I can’t tell you how often I hear this.
You can’t rest.
You try to kick back with a book, but your mind keeps spinning asking you to do something before you can rest.
Yet, you are too tired to do it, and you can’t do that task your mind wants you to do very well.
So you stay on the couch.
Now the thoughts are so distracting that you can’t read.
So you scroll on your phone, or you check out with the TV remote in your hand.
And later, exhausted, depleted, you find yourself at the fridge, eating again, even though you are not hungry.
And you call that emotional eating.
It should be called “tired, but can’t rest” eating, I think.
So what the heck? Why does that happen?
Why can’t we DO LESS and just BE MORE?
And why is this state of rest such a mirage, so hard to attain, why do we have to work so damn hard to give ourselves permission to rest?
You can argue it’s because it’s tied to our sense of worth and value, that many of us want to prove ourselves worthy of resting, that we have created a story in our minds of who has the right to rest and who does not.

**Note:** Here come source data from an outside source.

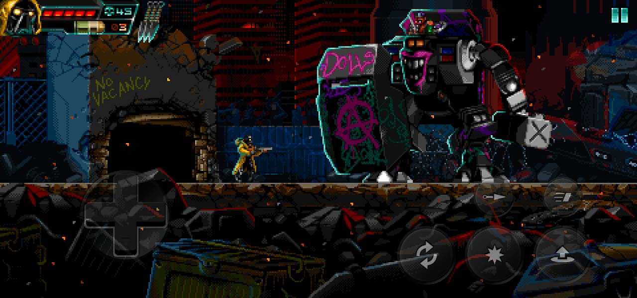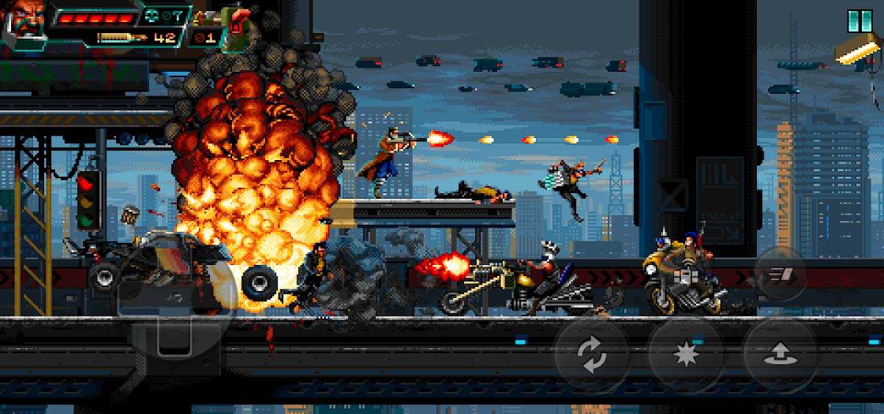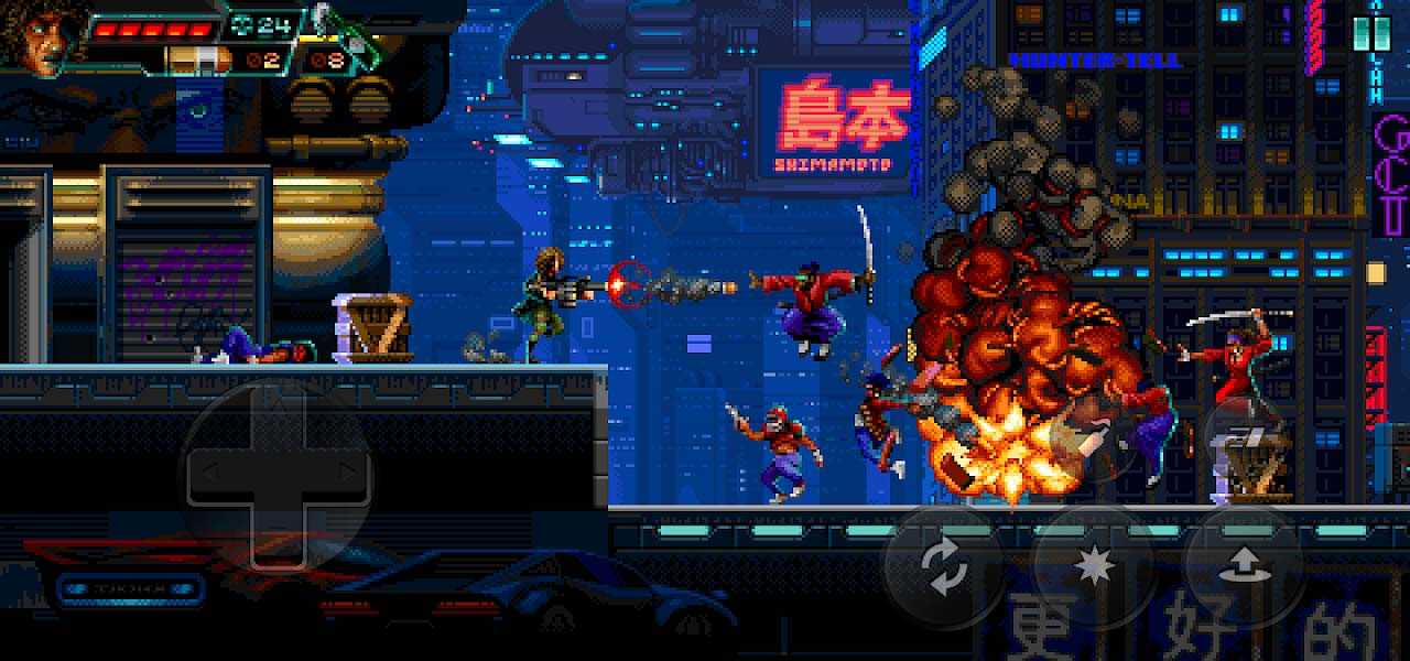 Huntdown – это новый мобильный экшен с крутыми героями и ожесточенными битвами. Яркий двухмерный мегаполис охвачен волной преступности, и только вы в образе матерого охотника за головами в силах навести тут порядок. Безумные схватки с кучей противников и мощными боссами ждут всех ценителей достойных испытаний. Потрясающая картинка с функцией боковой прокрутки, отлично детализированным фоном и шикарными спецэффектами подарит вам массу незабываемых ощущений.
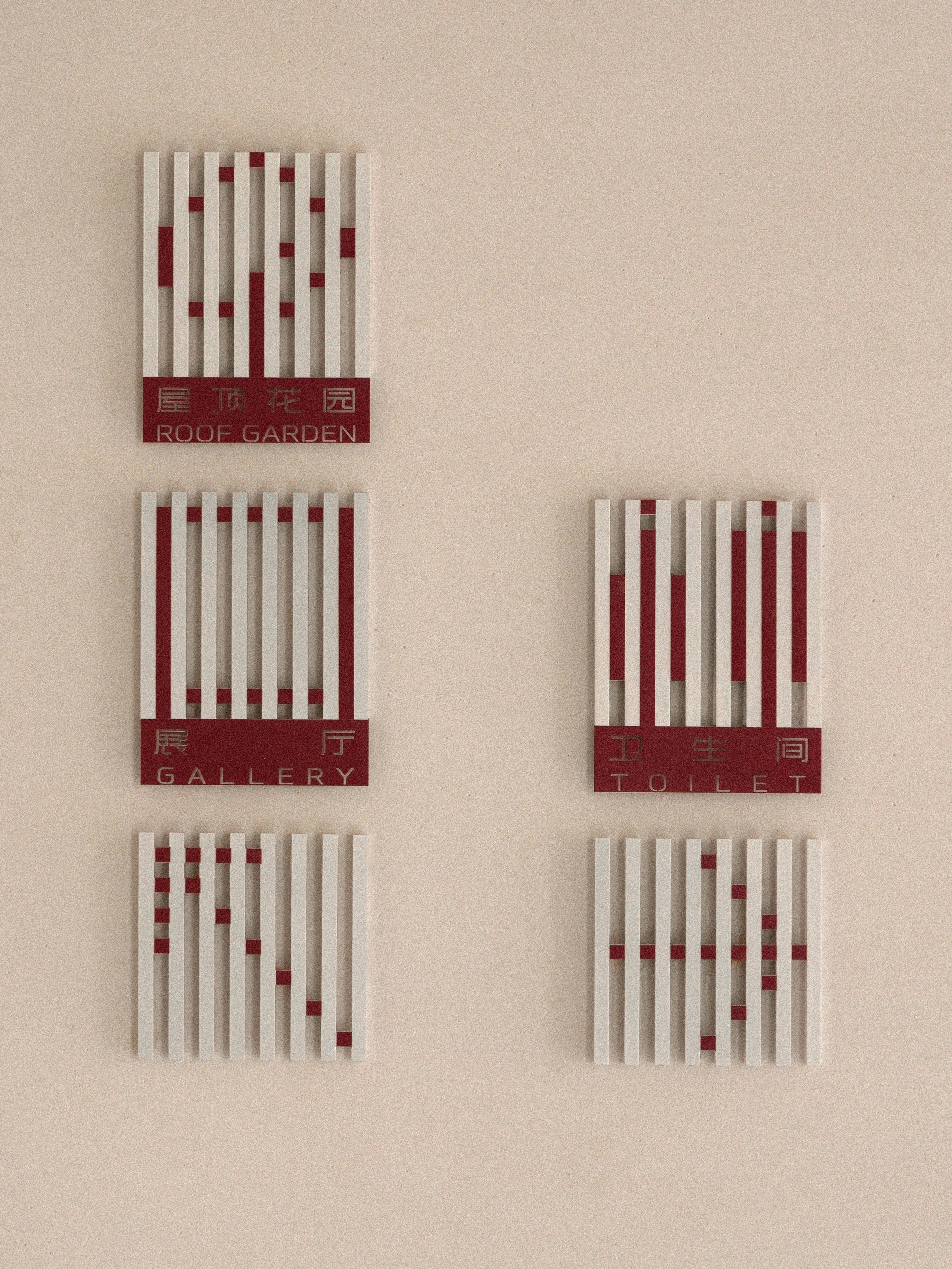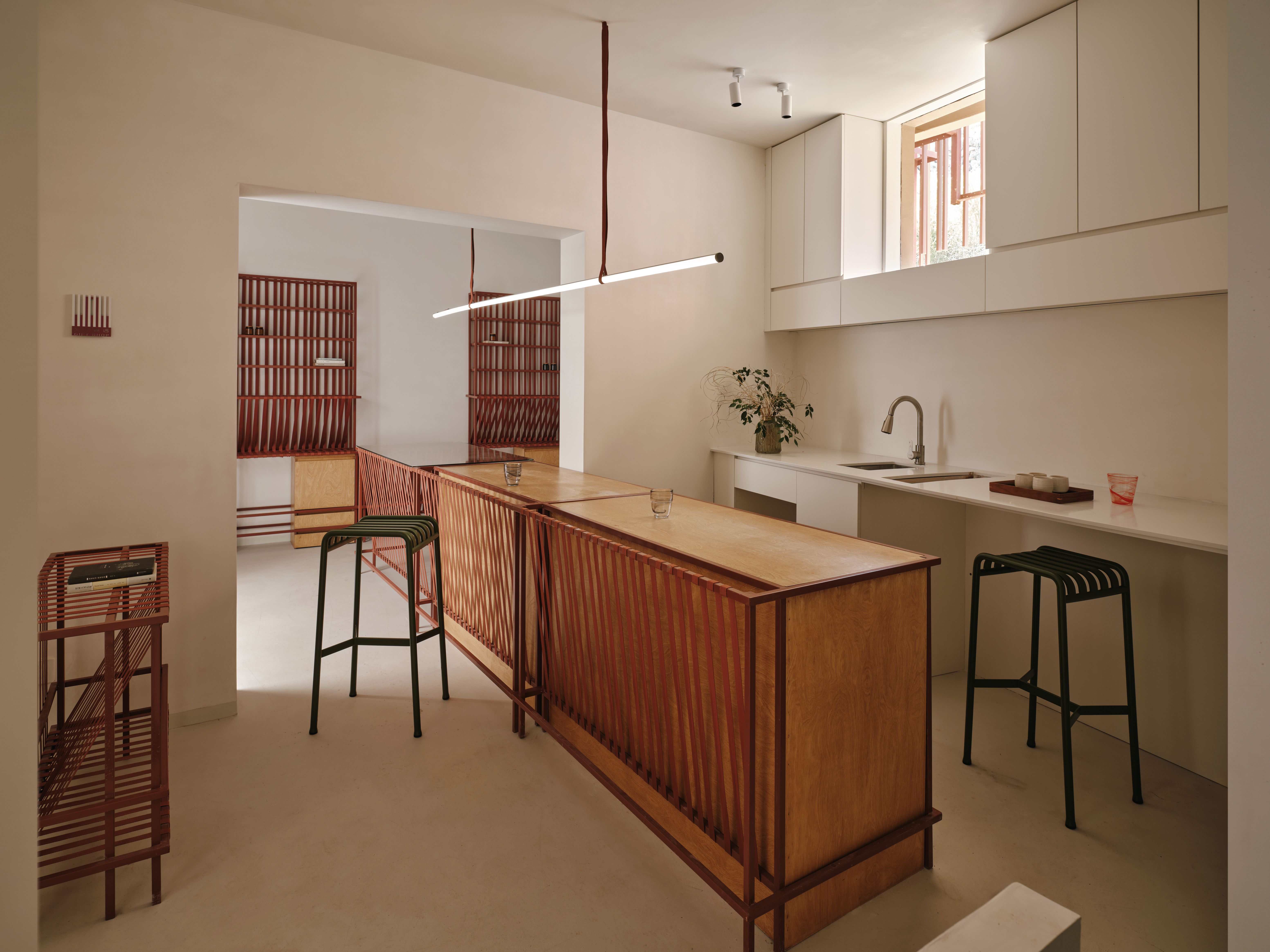 또한 카페와 숍을 위해 전통 베틀 형상에서 영감을 얻은 ‘LOOM’ 가구 시리즈를 디자인했다. 20×20mm 강관 프레임에 맞춤 제작한 빨간 직조 스트랩을 감아 수평과 사선을 이루었으며, 이는 외피의 격자와 호응해 직조된 실의 모티프를 실내까지 확장시켰다.\
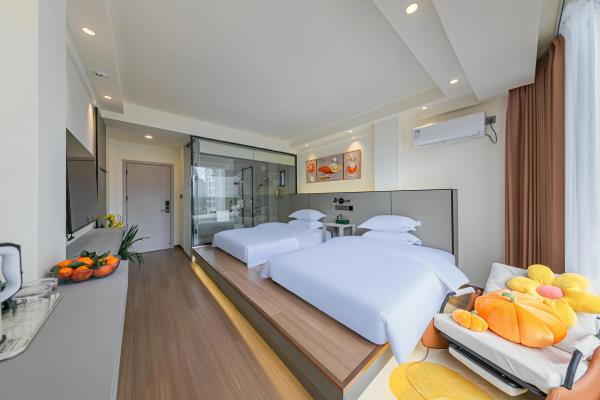 客房设施:电热毯、遮光窗帘、手动窗帘、备用床具、空调。仅部分房间具备:、空气净化器、自动窗帘
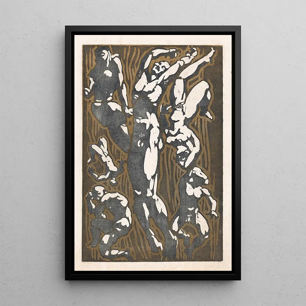 Die kunstdruk "Figuren nackt in verschiedenen Posen" von Reijer Stolk ist eine Feier der menschlichen Form, bei der jede Kurve und jeder Winkel mit bemerkenswerter Feinfühligkeit hervorgehoben wird. Die warmen, erdigen Farben verschmelzen zu einer Atmosphäre, die sowohl intim als auch kontemplativ ist. Die Technik von Stolk, die Realismus mit einem Hauch von Stilisation verbindet, lässt die Figuren lebendig erscheinen, fast in Bewegung. Jede Pose erzählt eine Geschichte und lädt den Betrachter ein, über die Natur der Schönheit und des Körpereinsatzes nachzudenken. Dieses Werk ist eine wahre Hommage an die Vielfalt der menschlichen Formen und fängt das Wesen des Lebens selbst ein.
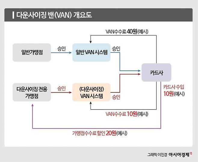 밴사는 카드사를 대행해 가맹점을 대상으로 승인중계·매입·종이전표 수거 등 결제 프로세스 관련 업무를 처리하는 업체다. 다운사이징 밴은 여기서 승인중계 핵심 기능만 따로 떼어내 구축한 서비스다. 카드사들이 다운사이징 밴을 적용하면 밴사에 지급하는 수수료를 대폭 절감할 수 있다. 예컨대 스타벅스와 같은 가맹점이 일반 밴시스템을 쓸 경우 카드사가 고객 결제 건당 밴사에 지급하는 수수료는 40원이지만 다운사이징 밴을 쓰면 10원 수준으로 낮아진다.
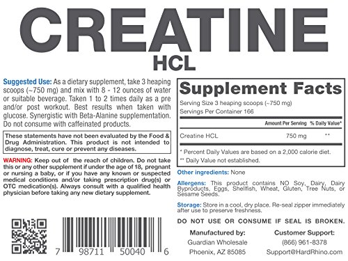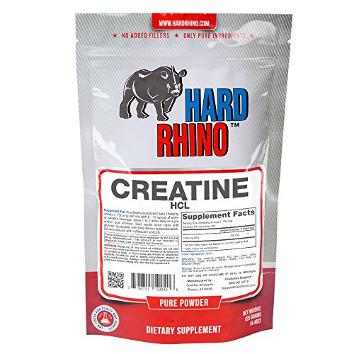 -. Title : Hard Rhino Creatine HCL Powder, 125 Grams (4.4 Oz), Unflavored, Lab-Tested, Scoop Included
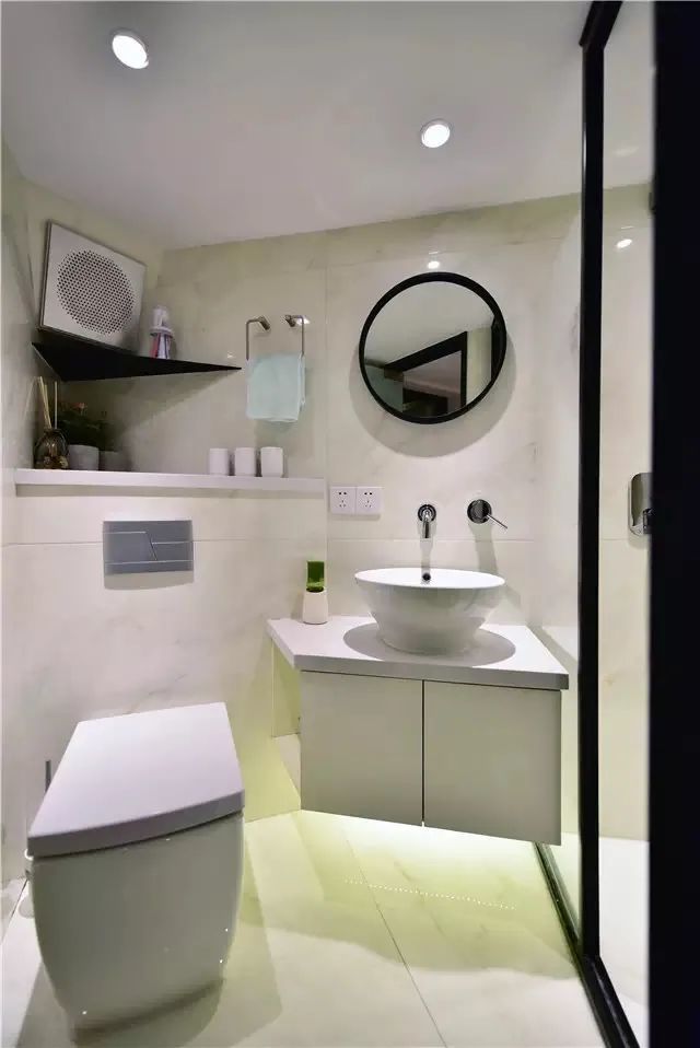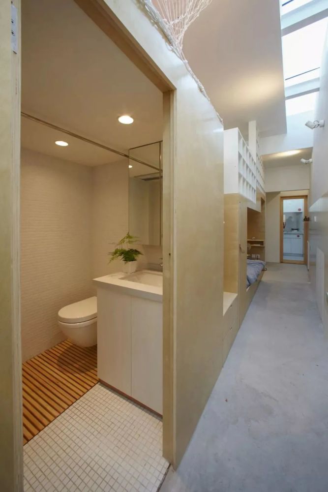 卫生间被清晰地分成了厕所和淋浴的区域,做到了小空间里的干湿分离。三角形区域安放了马桶的水箱和设置成收纳空间。

There are many theories we can weave around the whys…from gender and social roles, to our upbringing and how we learned from our parents.
But there is a biological piece here, a preverbal piece, a piece around the environment in which we developed.
Many of us didn’t grow up in environments that facilitated the ability to drop easily into rest and digest – that juicy, delicious state of the nervous system where we can recover, restore, digest our food and get the energy for our next move.
Some of us grew up in dangerous environments – a family, socioeconomic, even political reality, where rest and digest was not a state anyone around could easily drop into.
If that early organizing piece is missing, if our bodies have not learned as young as when we were developing in our mother’s wombs what rest and restoration means and how to physically drop there, we will always go to our thoughts to try to find a plan of rest.
We will always go to food as a way to force rest and digest onto a system that doesn’t know how to organically go there.
Learning how to rest is not about a social revolution, it’s not an act of rebellion against the status quo. It’s a lot simpler – recognizing that your system doesn’t know how to do something that is its birthright, and then teaching it how to do it one simple action at a time.